OK let's put this way - from wiki - Asymmetric digital subscriber line (ADSL) is a type of digital subscriber line (DSL) technology, a data communications technology that enables faster data transmission over copper telephone lines than a conventional voiceband modem can provide. It does this by utilizing frequencies that are not used by a voice telephone call.[1] A splitter, or DSL filter, allows a single telephone connection to be used for both ADSL service and voice calls at the same time. ADSL can generally only be distributed over short distances from the telephone exchange (the last mile), typically less than 4 kilometres (2 mi),[2] but has been known to exceed 8 kilometres (5 mi) if the originally laid wire gauge allows for further distribution.
So it's nothing to do with file sharing. Most TV, DVD players, consoles use DLNA. From wiki -the Digital Living Network Alliance (DLNA) is a non-profit collaborative trade organization established by Sony in June 2003, that is responsible for defining interoperability guidelines to enable sharing of digital media between multimedia devices.[3] These guidelines are built upon existing public standards, but the guidelines themselves are private (available for a fee). These guidelines specify a set of restricted ways of using the standards to achieve interoperability.[DLNA uses Universal Plug and Play (UPnP) for media management, discovery and control.[5] UPnP defines the type of device that DLNA supports ("server", "renderer", "controller") and the mechanisms for accessing media over a network. The DLNA guidelines then apply a layer of restrictions over the types of media file format, encodings and resolutions that a device must suppor4]
However DLNA has a lot of restrictions. For example you can't access ISO files via DLNA. There are other protocols like NFS and SAMBA which are more flexible. However you need CFW 5.0+ to have it on Pio 150 or 140.
post #1739 of 1810
OK, I humbly excuse myself for mixing up my terms, as in fact it seems I was always talking of two different ways to interface the media player and the computer with DLNA. No ADSL whatsoever.

Both DNLA fashions are based on my empirical way to deal with the LG BD390 first, and recently with the WD TV Live Streaming. The LG did have a Nero media server that you could use for the DLNA interface. That way was tricky and problematic, and luckily I was advised to go on a different path.

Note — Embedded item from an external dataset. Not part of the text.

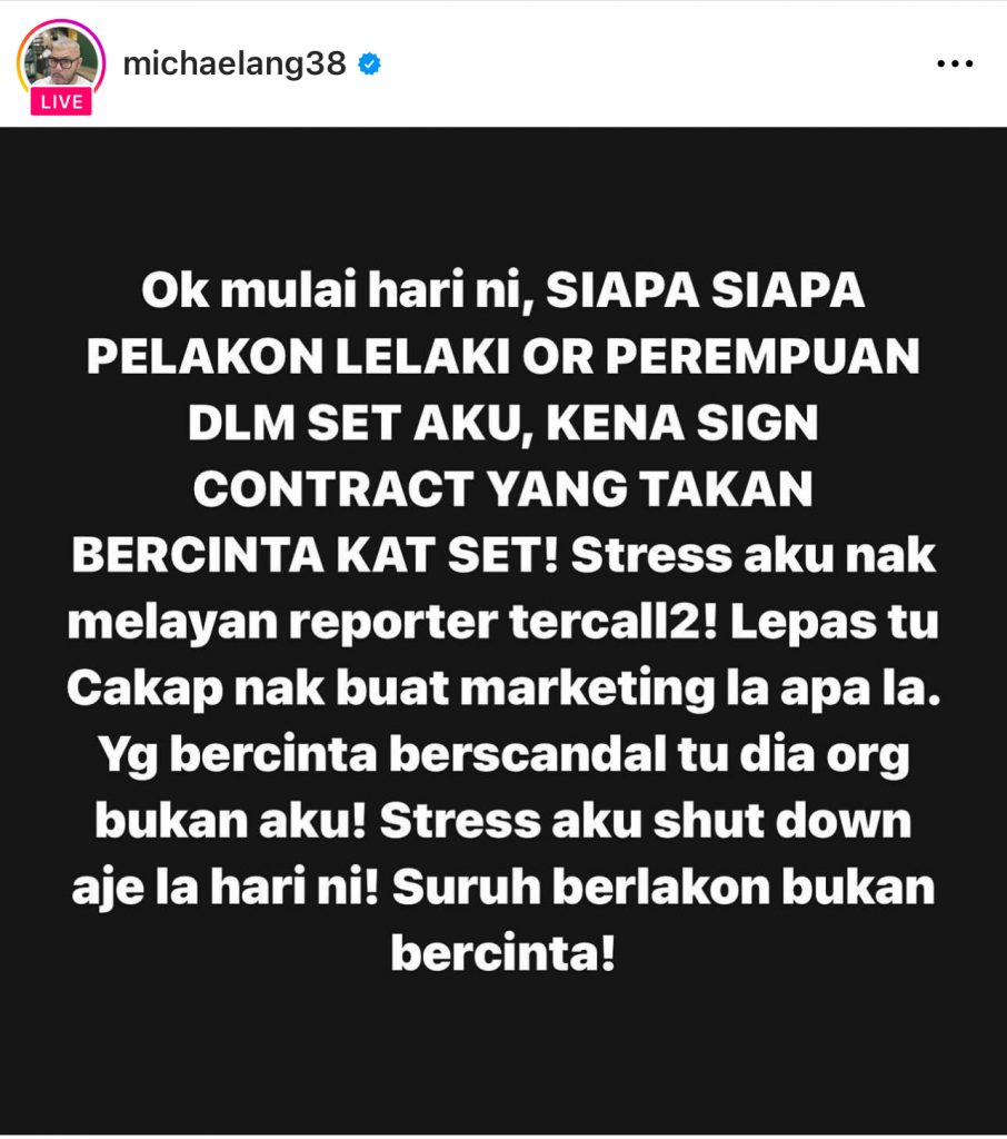 Michael Ang Letak Syarat, Pelakon Lelaki & Perempuan Tak Dibenarkan Bercinta Di Lokasi Penggambarannya

This path was easier on XP and less so in Win 7, where you authorized the folders that were to be shared, very much like on Samba and others. The LG could then see the folders directly and play the files, no media server to deal with apparently.

It was similar on the WD TV, even if the software playing the files is a bit more trickier than on the LG.

The Pioneer seems to work differently, and it can't see the files by itself. You do have to install a media server for that.
post #1740 of 1810
Windows 7 has a DLNA server built into it.. It takes all of about 5 min to run through the instructions to get Windows 7 sharing media on your network. If new movies don’t always show up on your list of files it’s Windows Media Player that’s doing the indexing of the movie list – you have media player running for the new files to show up. So, if you ever fire up your DNLA end point and can’t see a file, fire up Media Player on your sharing device and that should solve the problem.